Melting Process:
The simulation of the melting process was carried out over a period of 3600 seconds for all three models, allowing for a comparative analysis. The results are presented in Figure (3):
The diagram under discussion Figure (4), which chronicles the changes in liquid fraction over the course of the melting process, is commonly known as a ”Liquid Fraction Time-Lapse Diagram.” This visual representation delineates the evolving behavior of the phase change material (PCM) as it undergoes the melting process through distinct phases.
In the initial stage, the PCM adjacent to the fin walls gradually transforms into a liquid state, primarily facilitated by conduction. As time elapses, the thickness of the liquefied layer steadily increases. Once this layer attains a sufficient thickness, the onset of natural convection currents marks the commencement of the second stage.

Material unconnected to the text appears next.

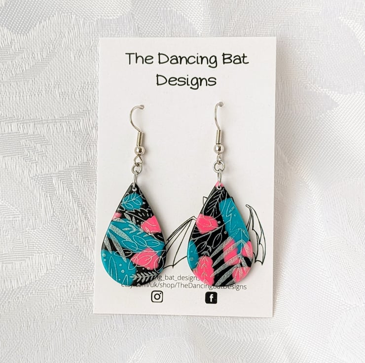 Black teardrop shape earrings with terrazzo style, irregular patches in turquoise and pink, with a silver leaf print design over the top.

Throughout the second stage, four discrete regions of melted PCM manifest themselves. Region (1) originates from fin (1), while region (2) results from the melted PCM arising from fin (2) and the upper surface of fin (4). Region (3) is generated from the melted PCM originating from fin (3) and the upper surface of fin (5), and region (4) emerges from the lower surface of fin (4) and fin (5). Natural convection becomes increasingly influential during this phase, driven by the broadening expanse of the melted PCM region and the expanding interface between the melted and solid PCM.
In the ultimate stage, regions (1), (2), and (3) amalgamate to create a unified melted PCM domain in the upper half of the cylinder. In this phase, the pace of the melting process decelerates as the influence of natural convection diminishes. This decline is attributable to the diminishing boundary between the melted and solid PCM, which results in a flatter, semi-horizontal line. Over time, this line contracts until complete melting is achieved.

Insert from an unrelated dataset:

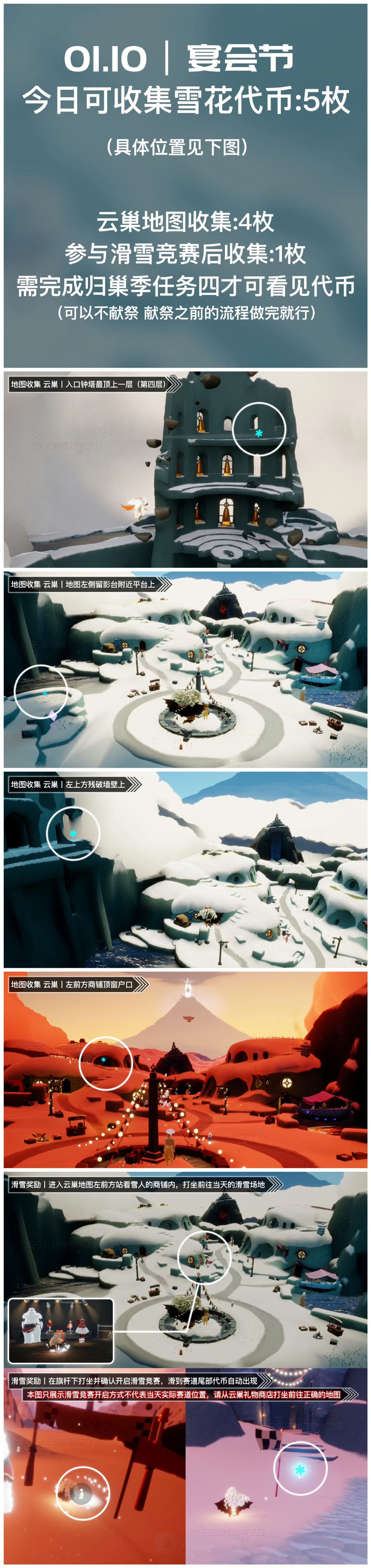 《光遇》游戏中每天的每日任务及大蜡烛的位置都不相同,玩家完成每日任务及收集大蜡烛都可以得到丰厚的兑换奖励,奖励可以用于兑换各种动作及道具,不过很多小伙伴不知道每日任务怎么做,又懒得自己去找大蜡烛的位置,我们汇总了每日任务的完成攻略以及蜡烛位置,一起来看看吧! 图1 今日雪花代币位置 图2 今日任务详解 图3 今日大蜡烛点(云野雨林暮土) 图4 宴会节兑换树、物品兑换位置 图5 可能的落石点(图示位

This ”Liquid Fraction Time-Lapse Diagram” offers a comprehensive visual narrative of the melting process and the evolving role of natural convection across different phases.

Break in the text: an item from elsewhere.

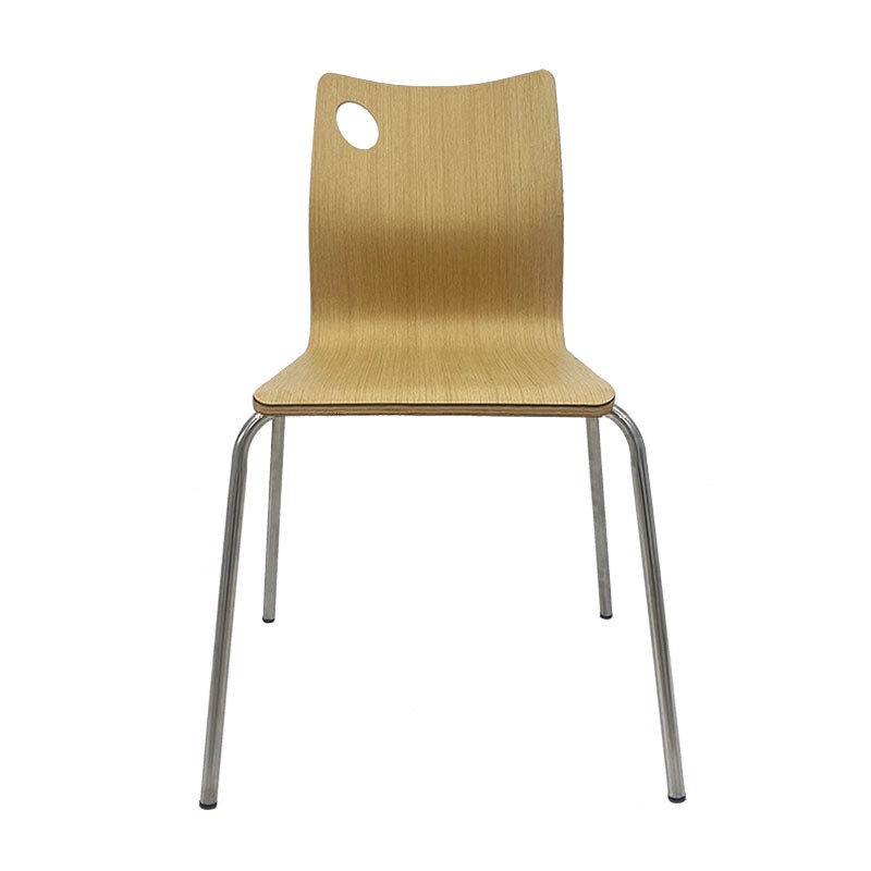 La silla de madera amelie 49 apilable combina un armazón tubular de acero inoxidable con asiento de contrachapado curvado y laminado HPL tipo formica. Su diseño permite apilar hasta 5 unidades para ahorrar espacio, mientras su construcción robusta garantiza uso intensivo en entornos domésticos y profesionales. El asiento monoblock curvado ofrece ergonomía sin necesidad de tapizado adicional.

Figure (4) presents the evolution of the liquid PCM fraction over time. The results demonstrate a consistent increase in the liquid fraction. In the first and second stages, as discussed earlier, the liquid fraction exhibits a linear increase over time. However, as we enter stage (3), this increase becomes slightly less pronounced compared to the initial stages. Notably, the deceleration effect is more prominent in the A-1 model, attributable to the greater distance of the lower fins from the bottom of the heat exchanger (H.E.). Across the first two stages, the liquid fraction in model A-1 surpasses that of the other two models. Yet, in the third stage, the liquid fraction in A-1 lags the other two models. Models A-2 and A-3 exhibit nearly identical liquid fractions, with A-2 displaying a marginally higher liquid fraction during the third stage for the same time frame. In summary, the liquid fraction graph indicates that, overall, models A-2 and A-3 outperform A-1.